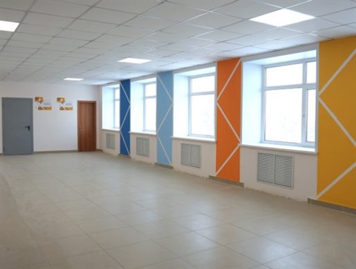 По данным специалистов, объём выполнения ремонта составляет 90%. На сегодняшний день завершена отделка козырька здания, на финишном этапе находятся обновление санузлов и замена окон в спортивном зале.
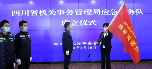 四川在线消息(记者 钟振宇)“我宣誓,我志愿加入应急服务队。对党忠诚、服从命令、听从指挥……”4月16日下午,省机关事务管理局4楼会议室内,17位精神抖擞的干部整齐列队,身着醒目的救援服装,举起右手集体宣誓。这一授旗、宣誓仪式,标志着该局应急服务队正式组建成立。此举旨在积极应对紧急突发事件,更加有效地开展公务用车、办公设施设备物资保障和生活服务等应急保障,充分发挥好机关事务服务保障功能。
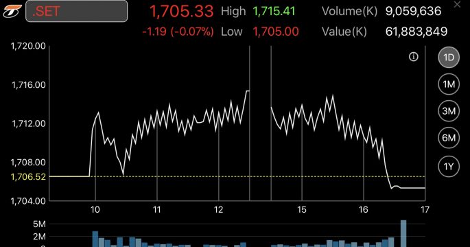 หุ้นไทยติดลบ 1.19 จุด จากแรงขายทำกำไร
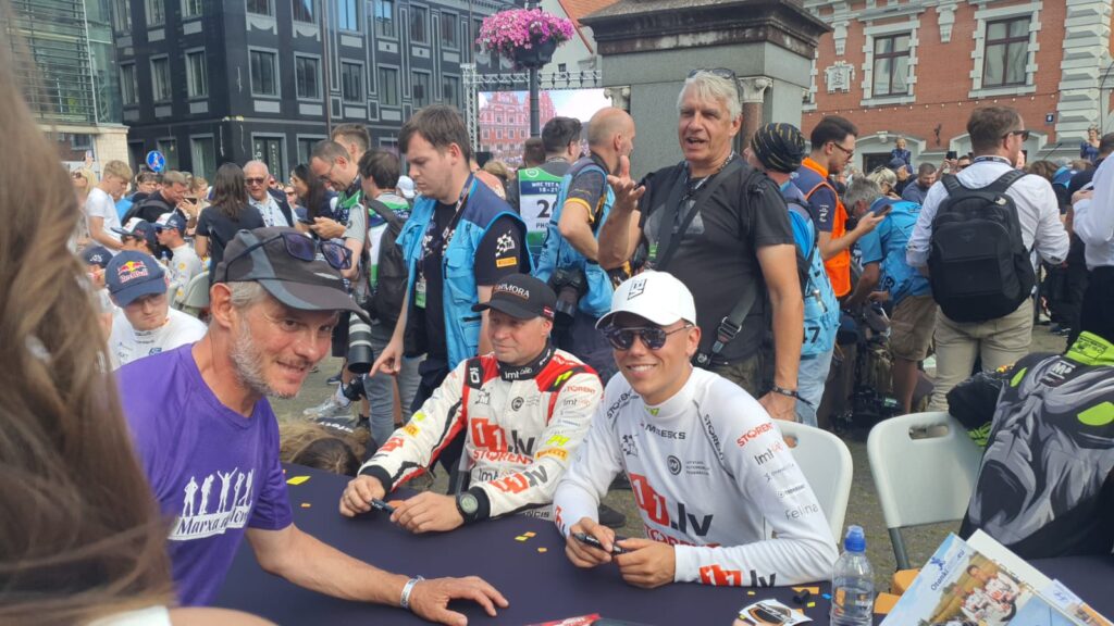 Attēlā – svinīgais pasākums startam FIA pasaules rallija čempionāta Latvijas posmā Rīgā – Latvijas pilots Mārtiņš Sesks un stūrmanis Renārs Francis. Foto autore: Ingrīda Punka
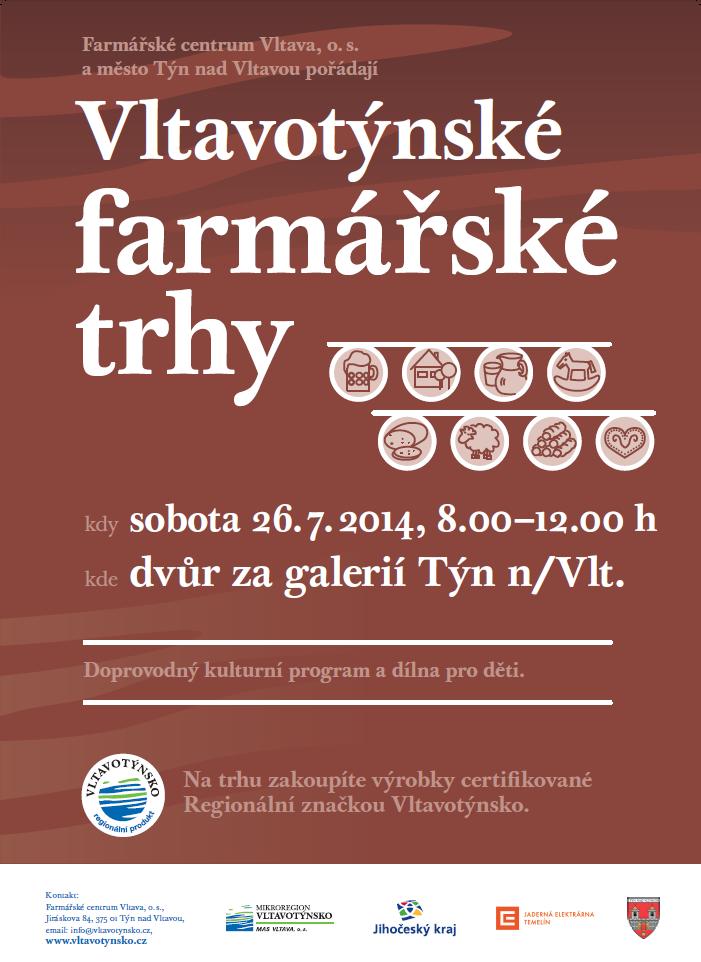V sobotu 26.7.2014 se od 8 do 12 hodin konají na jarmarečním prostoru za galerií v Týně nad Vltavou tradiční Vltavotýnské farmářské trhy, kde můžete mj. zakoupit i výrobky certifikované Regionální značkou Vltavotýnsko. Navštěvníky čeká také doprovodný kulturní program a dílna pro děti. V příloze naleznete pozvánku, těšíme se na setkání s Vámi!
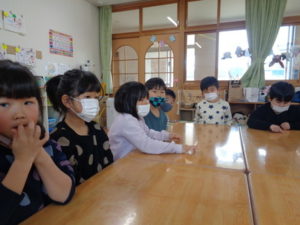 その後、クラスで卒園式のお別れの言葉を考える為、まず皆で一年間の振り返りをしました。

* * *

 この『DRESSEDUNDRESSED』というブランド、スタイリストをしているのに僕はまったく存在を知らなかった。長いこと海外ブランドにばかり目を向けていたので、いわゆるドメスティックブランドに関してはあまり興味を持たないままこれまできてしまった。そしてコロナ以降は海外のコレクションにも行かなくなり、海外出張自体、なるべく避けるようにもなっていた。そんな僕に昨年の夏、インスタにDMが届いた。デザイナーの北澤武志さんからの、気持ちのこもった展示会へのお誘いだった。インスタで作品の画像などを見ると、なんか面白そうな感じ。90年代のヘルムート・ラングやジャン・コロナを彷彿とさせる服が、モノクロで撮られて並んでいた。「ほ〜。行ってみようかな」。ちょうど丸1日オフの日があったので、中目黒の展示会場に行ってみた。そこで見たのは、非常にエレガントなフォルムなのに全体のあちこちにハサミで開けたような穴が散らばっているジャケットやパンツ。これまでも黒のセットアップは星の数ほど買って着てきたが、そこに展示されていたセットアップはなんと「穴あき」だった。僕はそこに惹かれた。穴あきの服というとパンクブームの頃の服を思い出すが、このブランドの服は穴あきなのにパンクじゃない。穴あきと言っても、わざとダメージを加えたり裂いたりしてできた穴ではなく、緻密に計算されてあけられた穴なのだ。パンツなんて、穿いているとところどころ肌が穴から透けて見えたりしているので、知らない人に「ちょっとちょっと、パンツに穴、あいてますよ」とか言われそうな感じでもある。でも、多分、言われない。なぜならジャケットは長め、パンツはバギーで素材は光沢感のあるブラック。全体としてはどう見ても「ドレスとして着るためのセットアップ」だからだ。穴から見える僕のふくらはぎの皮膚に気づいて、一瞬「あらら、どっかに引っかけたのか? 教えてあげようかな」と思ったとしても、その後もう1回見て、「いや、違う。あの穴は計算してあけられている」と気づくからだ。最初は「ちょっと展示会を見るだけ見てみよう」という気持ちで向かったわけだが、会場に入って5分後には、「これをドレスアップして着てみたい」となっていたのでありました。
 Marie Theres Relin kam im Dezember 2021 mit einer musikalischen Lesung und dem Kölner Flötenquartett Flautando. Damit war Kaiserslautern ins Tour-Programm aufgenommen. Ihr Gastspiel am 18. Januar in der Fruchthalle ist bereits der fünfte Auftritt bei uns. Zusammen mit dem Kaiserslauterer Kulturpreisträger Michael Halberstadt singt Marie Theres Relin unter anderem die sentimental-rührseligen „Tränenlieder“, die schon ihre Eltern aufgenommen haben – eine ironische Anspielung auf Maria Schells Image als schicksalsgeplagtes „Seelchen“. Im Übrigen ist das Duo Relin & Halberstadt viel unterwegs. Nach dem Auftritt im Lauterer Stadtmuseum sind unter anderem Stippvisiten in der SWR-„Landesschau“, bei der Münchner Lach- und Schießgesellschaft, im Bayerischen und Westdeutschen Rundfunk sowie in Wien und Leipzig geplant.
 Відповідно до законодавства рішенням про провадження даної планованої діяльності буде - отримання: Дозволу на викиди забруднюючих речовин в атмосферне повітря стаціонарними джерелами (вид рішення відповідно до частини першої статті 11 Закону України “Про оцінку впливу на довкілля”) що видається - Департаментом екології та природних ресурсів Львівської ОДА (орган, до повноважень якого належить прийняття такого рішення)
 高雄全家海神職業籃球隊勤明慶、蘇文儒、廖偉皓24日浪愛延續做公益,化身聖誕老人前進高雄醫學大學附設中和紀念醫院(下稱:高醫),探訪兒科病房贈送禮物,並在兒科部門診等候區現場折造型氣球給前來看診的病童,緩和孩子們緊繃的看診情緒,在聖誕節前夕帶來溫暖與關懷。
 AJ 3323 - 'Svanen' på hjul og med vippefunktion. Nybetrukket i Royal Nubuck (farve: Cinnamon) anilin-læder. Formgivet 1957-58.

---

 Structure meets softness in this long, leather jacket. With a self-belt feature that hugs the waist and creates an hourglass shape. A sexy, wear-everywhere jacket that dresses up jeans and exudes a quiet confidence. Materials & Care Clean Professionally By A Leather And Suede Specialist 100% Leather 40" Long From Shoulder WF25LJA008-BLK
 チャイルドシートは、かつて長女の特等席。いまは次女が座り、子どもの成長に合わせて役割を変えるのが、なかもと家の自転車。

» Goal of the exercise: Copy the stretch of the records above that runs from the line with "高雄全家海神職業籃球隊勤明慶" through the line with "AJ 3323 - 'Svanen'". Both end lines belong in the copy, and nothing else does.

» Reply to the exercise:
 高雄全家海神職業籃球隊勤明慶、蘇文儒、廖偉皓24日浪愛延續做公益,化身聖誕老人前進高雄醫學大學附設中和紀念醫院(下稱:高醫),探訪兒科病房贈送禮物,並在兒科部門診等候區現場折造型氣球給前來看診的病童,緩和孩子們緊繃的看診情緒,在聖誕節前夕帶來溫暖與關懷。
 AJ 3323 - 'Svanen' på hjul og med vippefunktion. Nybetrukket i Royal Nubuck (farve: Cinnamon) anilin-læder. Formgivet 1957-58.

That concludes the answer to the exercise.